Relentless Targeting of Churches in Indonesia


Skyline of downtown Jakarta, capital of Indonesia

Dozens of churches in Indonesia come under attack every year and the country’s president is failing to take action to stop it – according to a leading Catholic peace activist who has produced a report describing the scale of the problem.

Since 2006, more than 200 attacks on churches have been recorded by the Indonesian Committee on Religion and Peace under Theophilus Bela, president of the Jakarta Christian community forum.

In a report submitted to Catholic charity Aid to the Church in Need (ACN), which supports persecuted and other suffering Christians, Mr. Bela stated that in the first five months of this year, there were 14 attacks on churches and 46 in 2010 as a whole.

Mr. Bela blamed Indonesia President Susilo Bambang Yudhoyono and his government for not doing enough to tackle Islamist anti-Christian violence.

He said: “President Yudhoyono sleeps if there is an attack on Christian churches. If the president sleeps, so do the police.”

Mr. Bela reported that since Mr. Yudhoyono became president in May 2004, there have been 286 attacks on churches, higher than at any time except during the country’s political uprisings in the late 1990s.

Mr. Bela went on to warn of Islamist figures and sympathizers infiltrating Mr. Yudhoyono’s government, claiming that a recently appointed government inter-faith advisor is a known radical cleric.

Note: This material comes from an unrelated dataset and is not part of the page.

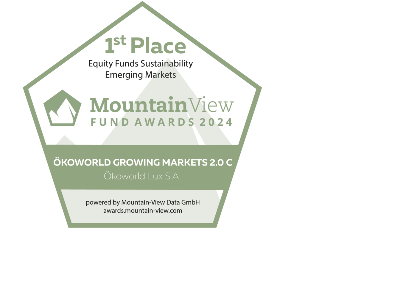 Der ÖKOWORLD GROWING MARKETS 2.0 konnte in der Kategorie Equity Funds Sustainability Emerging Markets überzeugen und hat den begehrten Mountain View Fund Award 2024 erhalten.

Referring to another government appointee, Mr. Bela said: “I have the impression that Mr. Yudhoyono is afraid of his own minister of religious affairs, who is from an Islamist political party.”

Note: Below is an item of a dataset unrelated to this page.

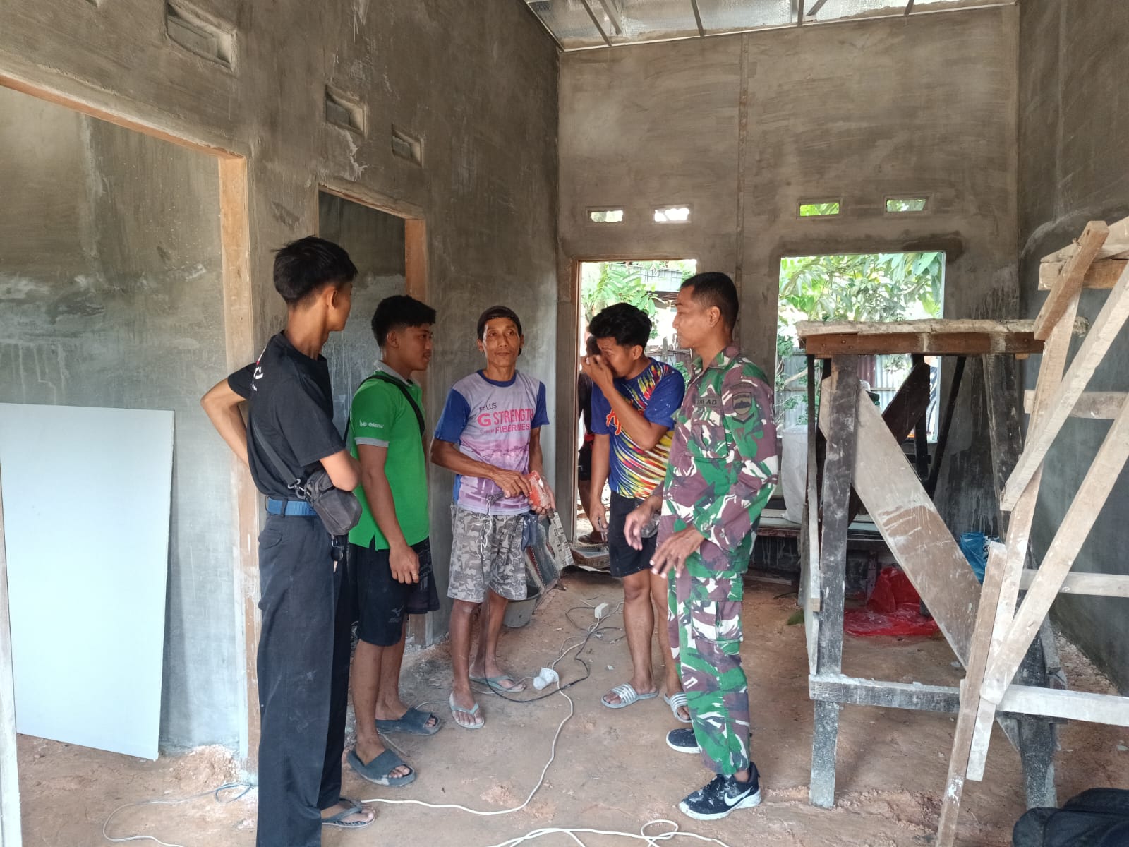 Dekat dengan Rakyat, Babinsa Serda Bagus Wirandono Komsos Bersama Tukang Bangunan Disela.

“Mr. Yudhoyono gives the impression that he is rather hesitant to protect the Christians.”

In his report, Mr. Bela states that although attacks on churches in 2011 are so far down on last year, Indonesia’s Christian community of 28.5 million remains the most persecuted religious group in the country.

The report details how in Temanggung, Middle Java province, three churches came under attack in a single day –February 8th, 2011.

One day later, Mr. Bela’s daughter, who lives in the Jakarta suburb of Bekasi, contacted him to report that extremist Muslims were descending on a nearby church and the police intervened after he called them to report the incident.

Explaining the long-term rise in extremist attacks on Christians, Mr. Bela said that urban-based Muslims had reacted badly to Christians coming in from rural areas in search of jobs created by the government’s investment in city factories and other businesses.

He said extremists were enraged by court proceedings against infamous Islamist Abu Bakar Bashir, who allegedly masterminded attacks on churches and whose conviction for conspiracy in the 2002 Bali bombings was overturned by the Supreme Court.

Mr. Bela stressed that in spite of the attacks, Christians remained strong in their faith.

He said, “We Christians are not afraid, because we are also citizens of this country like other groups of our society.”

“The Christians go to their churches regularly and our churches are always full every Sunday.”

Mr. Bela added: “Our country is based on a pluralistic ideology… and we do not have a state religion in our country.”

“The Christians have staged protests against President Yudhoyono by holding religious services on two Sundays in front of his state palace recently.”